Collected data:
______

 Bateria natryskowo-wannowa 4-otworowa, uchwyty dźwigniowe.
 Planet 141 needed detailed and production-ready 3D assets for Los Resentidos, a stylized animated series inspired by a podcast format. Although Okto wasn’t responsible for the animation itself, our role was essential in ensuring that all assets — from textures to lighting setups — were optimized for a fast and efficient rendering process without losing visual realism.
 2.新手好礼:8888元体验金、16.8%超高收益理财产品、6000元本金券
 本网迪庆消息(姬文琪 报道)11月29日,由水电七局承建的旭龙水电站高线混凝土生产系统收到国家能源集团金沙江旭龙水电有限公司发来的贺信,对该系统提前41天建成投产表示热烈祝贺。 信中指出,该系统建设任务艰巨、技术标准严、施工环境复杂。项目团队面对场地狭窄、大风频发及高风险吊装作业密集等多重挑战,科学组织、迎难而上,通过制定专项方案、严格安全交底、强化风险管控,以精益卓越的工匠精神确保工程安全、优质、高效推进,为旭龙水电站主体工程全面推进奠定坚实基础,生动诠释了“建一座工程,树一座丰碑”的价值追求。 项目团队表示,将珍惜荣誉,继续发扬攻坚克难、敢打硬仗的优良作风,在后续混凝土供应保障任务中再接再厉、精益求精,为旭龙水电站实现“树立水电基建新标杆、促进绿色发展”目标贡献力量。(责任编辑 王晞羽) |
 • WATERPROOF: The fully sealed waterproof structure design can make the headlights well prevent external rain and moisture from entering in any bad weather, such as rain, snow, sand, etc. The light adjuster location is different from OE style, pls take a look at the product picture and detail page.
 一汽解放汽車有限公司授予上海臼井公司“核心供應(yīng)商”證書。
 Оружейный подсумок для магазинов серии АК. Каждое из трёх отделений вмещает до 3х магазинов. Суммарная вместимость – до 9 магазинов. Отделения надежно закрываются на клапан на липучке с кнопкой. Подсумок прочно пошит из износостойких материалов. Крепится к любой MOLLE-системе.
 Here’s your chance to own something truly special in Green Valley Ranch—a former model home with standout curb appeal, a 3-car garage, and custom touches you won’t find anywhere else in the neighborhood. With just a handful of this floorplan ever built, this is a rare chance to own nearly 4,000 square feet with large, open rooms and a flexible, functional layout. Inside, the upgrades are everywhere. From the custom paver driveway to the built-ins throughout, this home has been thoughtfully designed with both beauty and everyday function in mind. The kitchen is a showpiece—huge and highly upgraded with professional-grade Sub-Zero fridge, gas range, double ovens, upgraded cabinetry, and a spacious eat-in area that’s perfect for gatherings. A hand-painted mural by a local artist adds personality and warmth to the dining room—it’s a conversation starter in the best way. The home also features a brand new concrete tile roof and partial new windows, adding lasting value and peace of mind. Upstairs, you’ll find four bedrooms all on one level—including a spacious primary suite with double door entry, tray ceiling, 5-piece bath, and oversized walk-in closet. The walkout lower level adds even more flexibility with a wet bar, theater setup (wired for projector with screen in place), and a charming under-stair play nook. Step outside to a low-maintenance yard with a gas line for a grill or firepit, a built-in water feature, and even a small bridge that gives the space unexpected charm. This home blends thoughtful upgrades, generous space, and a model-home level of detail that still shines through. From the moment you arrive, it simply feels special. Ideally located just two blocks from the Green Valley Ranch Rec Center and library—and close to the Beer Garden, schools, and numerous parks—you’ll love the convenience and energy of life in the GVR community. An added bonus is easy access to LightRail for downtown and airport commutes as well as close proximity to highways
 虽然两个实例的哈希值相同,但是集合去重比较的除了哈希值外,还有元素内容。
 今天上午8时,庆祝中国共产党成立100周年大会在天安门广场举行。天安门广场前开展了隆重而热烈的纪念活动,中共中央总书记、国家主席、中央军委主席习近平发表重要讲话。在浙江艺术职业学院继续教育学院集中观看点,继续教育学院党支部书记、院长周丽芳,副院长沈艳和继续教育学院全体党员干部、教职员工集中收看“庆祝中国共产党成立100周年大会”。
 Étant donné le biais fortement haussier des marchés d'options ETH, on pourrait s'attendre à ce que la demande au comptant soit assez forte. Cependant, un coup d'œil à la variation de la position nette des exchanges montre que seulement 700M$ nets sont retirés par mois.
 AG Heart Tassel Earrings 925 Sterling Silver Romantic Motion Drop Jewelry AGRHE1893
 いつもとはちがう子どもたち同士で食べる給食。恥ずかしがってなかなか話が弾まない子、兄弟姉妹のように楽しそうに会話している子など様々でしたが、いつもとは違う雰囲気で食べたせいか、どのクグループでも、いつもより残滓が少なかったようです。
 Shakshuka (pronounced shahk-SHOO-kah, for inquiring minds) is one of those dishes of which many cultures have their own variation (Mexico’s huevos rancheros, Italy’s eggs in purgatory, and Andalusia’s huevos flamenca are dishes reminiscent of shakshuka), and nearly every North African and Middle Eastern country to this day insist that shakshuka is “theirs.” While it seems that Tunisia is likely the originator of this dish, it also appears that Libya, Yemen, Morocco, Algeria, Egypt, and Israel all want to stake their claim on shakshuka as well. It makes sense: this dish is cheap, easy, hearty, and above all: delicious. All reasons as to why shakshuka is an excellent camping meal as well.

______

Instructions for the task: Your answer should be the lines above from the one containing "今天上午8时,庆祝中国共产党" through the one containing "いつもとはちがう子どもたち同", copied exactly and with both ends kept.

Problem solution:
 今天上午8时,庆祝中国共产党成立100周年大会在天安门广场举行。天安门广场前开展了隆重而热烈的纪念活动,中共中央总书记、国家主席、中央军委主席习近平发表重要讲话。在浙江艺术职业学院继续教育学院集中观看点,继续教育学院党支部书记、院长周丽芳,副院长沈艳和继续教育学院全体党员干部、教职员工集中收看“庆祝中国共产党成立100周年大会”。
 Étant donné le biais fortement haussier des marchés d'options ETH, on pourrait s'attendre à ce que la demande au comptant soit assez forte. Cependant, un coup d'œil à la variation de la position nette des exchanges montre que seulement 700M$ nets sont retirés par mois.
 AG Heart Tassel Earrings 925 Sterling Silver Romantic Motion Drop Jewelry AGRHE1893
 いつもとはちがう子どもたち同士で食べる給食。恥ずかしがってなかなか話が弾まない子、兄弟姉妹のように楽しそうに会話している子など様々でしたが、いつもとは違う雰囲気で食べたせいか、どのクグループでも、いつもより残滓が少なかったようです。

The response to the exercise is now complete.